▶ _WORK TO COMPLETE_
Would you transcribe the entries below word for word, omitting all images?
SUPPLIED DATA START
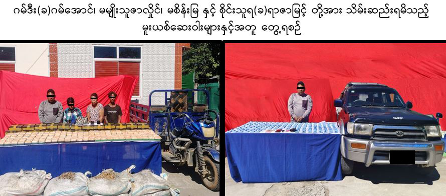 မူးယစ်ဆေးဝါးတားဆီးနှိမ်နင်းရေး ရဲတပ်ဖွဲ့ဝင်များပါဝင်သော ပူးပေါင်းအဖွဲ့သည် နိုဝင် ဘာ ၁၀ ရက် ညနေ ၅ နာရီ ၅၅ မိနစ်တွင် မိုးညှင်းမြို့နယ်၊ ပင်လုံကျေးရွာအုပ်စု၊ နန့်စီးအောင် ကျေးရွာအနီးတွင် စိုင်းသူရ(ခ)ရာဇာမြင့် မောင်းနှင်ပြီး မစိန်းမြ နှင့် မမျိုးသူဇာလှိုင်(ခ)သူဇာ လိုက်ပါလာသည့် သုံးဘီးဆိုင်ကယ်ကို စစ်ဆေးရှာဖွေရာ ဘိန်းဖြူ ၄ ဒသမ ၄ ကီလို သိမ်းဆည်းရမိခဲ့ပြီး ကွင်းဆက်အရ နိုဝင်ဘာ ၁၁ ရက် နံနက် ၉ နာရီတွင် မိုးညှင်းမြို့၊ အောင်သပြေ (၁)ရပ်ကွက်တွင် ဂမ်ဒီး(ခ)ဂမ်အောင် အား စိတ်ကြွရူးသွပ်ဆေးပြား ၂၈,၅၀၀၊ TOYOTA HILUX SURF မော်တော် ယာဉ်တစ်စီးကိုလည်းကောင်း၊ အလားတူ နိုဝင်ဘာ ၁၀ ရက် ညနေ ၄ နာရီတွင် မူးယစ်ဆေးဝါး တားဆီးနှိမ်နင်းရေးရဲတပ်ဖွဲ့ဝင်များ ပါဝင်သော ပူးပေါင်းအဖွဲ့သည် မြောက်ဥက္ကလာပမြို့ နယ်၊ (ဈ) ရပ်ကွက်၊ သုဓမ္မာလမ်း၊ သီရိရတနာလက်လီ/လက်ကားဈေးဝင်းရှိ အောင်မြင့်ဦး(ခ) အောင်ကြီးနှင့် မစိုးစိုးလှိုင်(ခ)မစိုး တို့၏ အခန်းကို ဝင်ရောက်ရှာဖွေရာ စိတ်ကြွရူးသွပ်ဆေးပြား ၃၀၀,၀၀၀ ကို လည်းကောင်း၊ ထို့ပြင် နိုဝင်ဘာ ၁၃ ရက် ည ၈ နာရီတွင် မူးယစ်ဆေးဝါးတားဆီးနှိမ်နင်း ရေးရဲတပ်ဖွဲ့ဝင်များပါဝင်သော ပူးပေါင်းအဖွဲ့သည် ဘားအံမြို့နယ်၊ မိသရောင်ကျေးရွာအုပ်စု၊ နောင်ထီလား ကျေးရွာရှိ မနန်းမြညွန့်၏ နေအိမ်ကို ဝင်ရောက်ရှာဖွေရာ ၎င်းထံမှ စိတ်ကြွရူးသွပ်ဆေးပြား ၄,၆၀၀ ကိုလည်းကောင်း၊ ထို့ပြင် ယင်းနေ့ နံနက် ၈ နာရီခွဲတွင် ပူးပေါင်းအဖွဲ့သည် တာချီလိတ်မြို့၊ ရန်အောင် မြေရပ်ကွက်တွင် ကျော်ရဲအောင် (ခ)အောင်ဇေ မောင်းနှင်ပြီး ဝင်းနိုင်လင်း လိုက်ပါလာသည့် ဆိုင်ကယ်ကို စစ်ဆေးရှာဖွေရာ အိုက်စ်(မက်သ်အဖက်တမင်း) ၃ ကီလို သိမ်းဆည်းရမိခဲ့သဖြင့် ၎င်းတို့အား မူးယစ်ဆေးဝါးနှင့်စိတ်ကို ပြောင်းလဲစေသော ဆေးဝါးများဆိုင်ရာ ဥပဒေအရ အရေးယူထားကြောင်း သတင်းရရှိသည်။
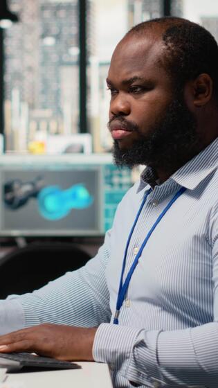 Engineer in office working on power lines pole CAD design to develop technology improving environmental performance. RD expert coming up with innovative materials for transmission tower, camera B Pro Video
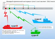 Работа каждой станции АИС (мобильной или базовой) жёстко синхронизирована по времени UTC с погрешностью не более 10 мкс от встроенного приёмника ГНСС (в РФ по сигналам комбинированного приёмника ГНСС ГЛОНАСС/GPS). Для передачи информации используются непрерывно повторяющиеся кадры длительностью 1 минута, которые разбиваются на 2250 слотов (временных интервалов) длительностью по 26,67 мс.
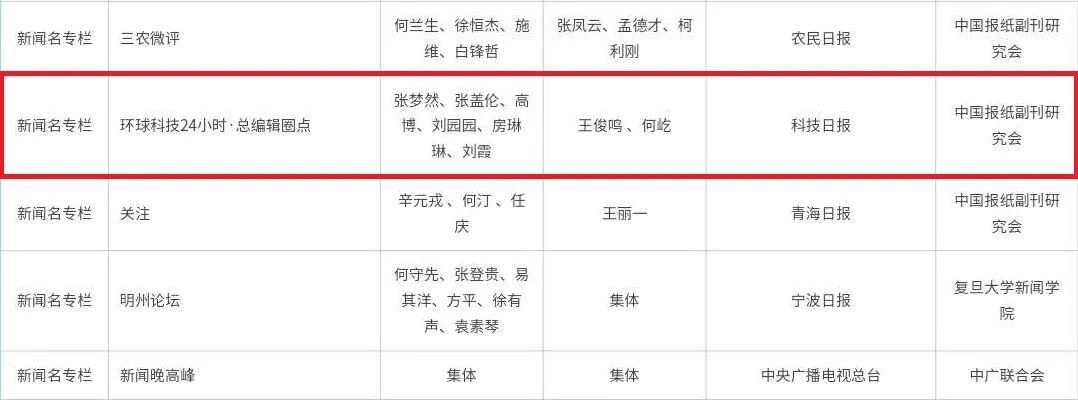 《科技日报》的新闻名专栏“环球科技24小时·总编辑圈点”昨天跻身第三十届中国新闻奖一等奖公示榜单。从2010年4月1日创办这个栏目到现在,已经十年有余。为打造这个栏目,我和《科技日报》的小伙伴们付出了无数心血和汗水。此前我的新闻作品已十次荣获中国新闻奖,但现在作为“编外”闻此喜讯,还是颇多感慨。
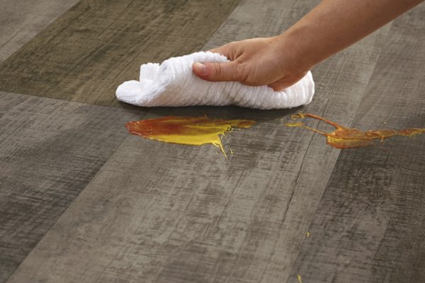 - Sử dụng một miếng vải để ngay lập tức làm sạch bất kỳ chất lỏng nào trên sàn.
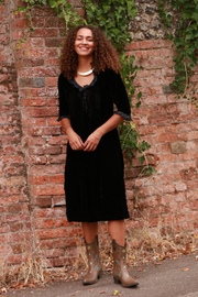 Silk Velvet Belle Tassel Dress in Black
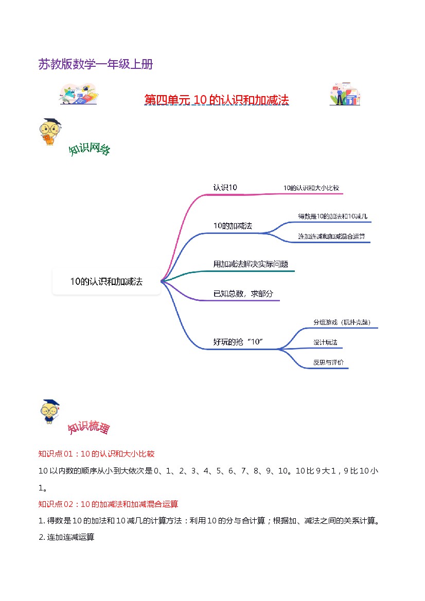 第四单元 10的认识和加减法(知识清单)-(苏教版•2025秋)
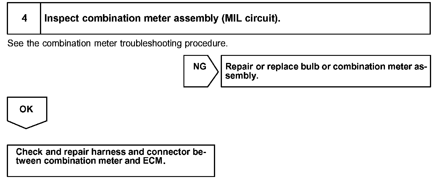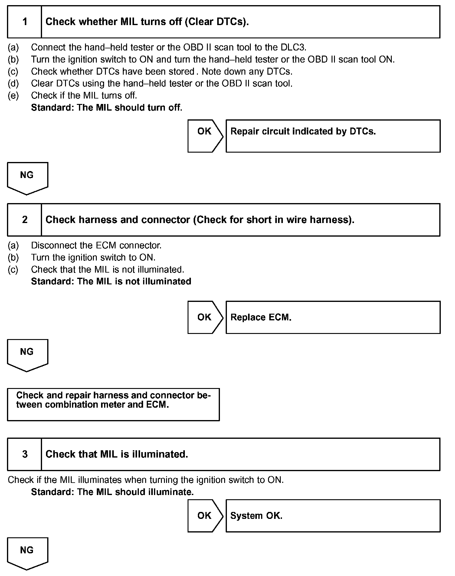 When the ignition switch is first turned to ON, the MIL should be illuminated. If it is always OFF or always ON, use the hand-held tester or OBD II scan tool and follow the procedure to determine cause of the problem.
SUPPLIED DATA END
▶ _ANSWER AREA_
 မူးယစ်ဆေးဝါးတားဆီးနှိမ်နင်းရေး ရဲတပ်ဖွဲ့ဝင်များပါဝင်သော ပူးပေါင်းအဖွဲ့သည် နိုဝင် ဘာ ၁၀ ရက် ညနေ ၅ နာရီ ၅၅ မိနစ်တွင် မိုးညှင်းမြို့နယ်၊ ပင်လုံကျေးရွာအုပ်စု၊ နန့်စီးအောင် ကျေးရွာအနီးတွင် စိုင်းသူရ(ခ)ရာဇာမြင့် မောင်းနှင်ပြီး မစိန်းမြ နှင့် မမျိုးသူဇာလှိုင်(ခ)သူဇာ လိုက်ပါလာသည့် သုံးဘီးဆိုင်ကယ်ကို စစ်ဆေးရှာဖွေရာ ဘိန်းဖြူ ၄ ဒသမ ၄ ကီလို သိမ်းဆည်းရမိခဲ့ပြီး ကွင်းဆက်အရ နိုဝင်ဘာ ၁၁ ရက် နံနက် ၉ နာရီတွင် မိုးညှင်းမြို့၊ အောင်သပြေ (၁)ရပ်ကွက်တွင် ဂမ်ဒီး(ခ)ဂမ်အောင် အား စိတ်ကြွရူးသွပ်ဆေးပြား ၂၈,၅၀၀၊ TOYOTA HILUX SURF မော်တော် ယာဉ်တစ်စီးကိုလည်းကောင်း၊ အလားတူ နိုဝင်ဘာ ၁၀ ရက် ညနေ ၄ နာရီတွင် မူးယစ်ဆေးဝါး တားဆီးနှိမ်နင်းရေးရဲတပ်ဖွဲ့ဝင်များ ပါဝင်သော ပူးပေါင်းအဖွဲ့သည် မြောက်ဥက္ကလာပမြို့ နယ်၊ (ဈ) ရပ်ကွက်၊ သုဓမ္မာလမ်း၊ သီရိရတနာလက်လီ/လက်ကားဈေးဝင်းရှိ အောင်မြင့်ဦး(ခ) အောင်ကြီးနှင့် မစိုးစိုးလှိုင်(ခ)မစိုး တို့၏ အခန်းကို ဝင်ရောက်ရှာဖွေရာ စိတ်ကြွရူးသွပ်ဆေးပြား ၃၀၀,၀၀၀ ကို လည်းကောင်း၊ ထို့ပြင် နိုဝင်ဘာ ၁၃ ရက် ည ၈ နာရီတွင် မူးယစ်ဆေးဝါးတားဆီးနှိမ်နင်း ရေးရဲတပ်ဖွဲ့ဝင်များပါဝင်သော ပူးပေါင်းအဖွဲ့သည် ဘားအံမြို့နယ်၊ မိသရောင်ကျေးရွာအုပ်စု၊ နောင်ထီလား ကျေးရွာရှိ မနန်းမြညွန့်၏ နေအိမ်ကို ဝင်ရောက်ရှာဖွေရာ ၎င်းထံမှ စိတ်ကြွရူးသွပ်ဆေးပြား ၄,၆၀၀ ကိုလည်းကောင်း၊ ထို့ပြင် ယင်းနေ့ နံနက် ၈ နာရီခွဲတွင် ပူးပေါင်းအဖွဲ့သည် တာချီလိတ်မြို့၊ ရန်အောင် မြေရပ်ကွက်တွင် ကျော်ရဲအောင် (ခ)အောင်ဇေ မောင်းနှင်ပြီး ဝင်းနိုင်လင်း လိုက်ပါလာသည့် ဆိုင်ကယ်ကို စစ်ဆေးရှာဖွေရာ အိုက်စ်(မက်သ်အဖက်တမင်း) ၃ ကီလို သိမ်းဆည်းရမိခဲ့သဖြင့် ၎င်းတို့အား မူးယစ်ဆေးဝါးနှင့်စိတ်ကို ပြောင်းလဲစေသော ဆေးဝါးများဆိုင်ရာ ဥပဒေအရ အရေးယူထားကြောင်း သတင်းရရှိသည်။
 Engineer in office working on power lines pole CAD design to develop technology improving environmental performance. RD expert coming up with innovative materials for transmission tower, camera B Pro Video
 Работа каждой станции АИС (мобильной или базовой) жёстко синхронизирована по времени UTC с погрешностью не более 10 мкс от встроенного приёмника ГНСС (в РФ по сигналам комбинированного приёмника ГНСС ГЛОНАСС/GPS). Для передачи информации используются непрерывно повторяющиеся кадры длительностью 1 минута, которые разбиваются на 2250 слотов (временных интервалов) длительностью по 26,67 мс.
 《科技日报》的新闻名专栏“环球科技24小时·总编辑圈点”昨天跻身第三十届中国新闻奖一等奖公示榜单。从2010年4月1日创办这个栏目到现在,已经十年有余。为打造这个栏目,我和《科技日报》的小伙伴们付出了无数心血和汗水。此前我的新闻作品已十次荣获中国新闻奖,但现在作为“编外”闻此喜讯,还是颇多感慨。
 - Sử dụng một miếng vải để ngay lập tức làm sạch bất kỳ chất lỏng nào trên sàn.
 Silk Velvet Belle Tassel Dress in Black
 第四单元 10的认识和加减法(知识清单)-(苏教版•2025秋)
 When the ignition switch is first turned to ON, the MIL should be illuminated. If it is always OFF or always ON, use the hand-held tester or OBD II scan tool and follow the procedure to determine cause of the problem.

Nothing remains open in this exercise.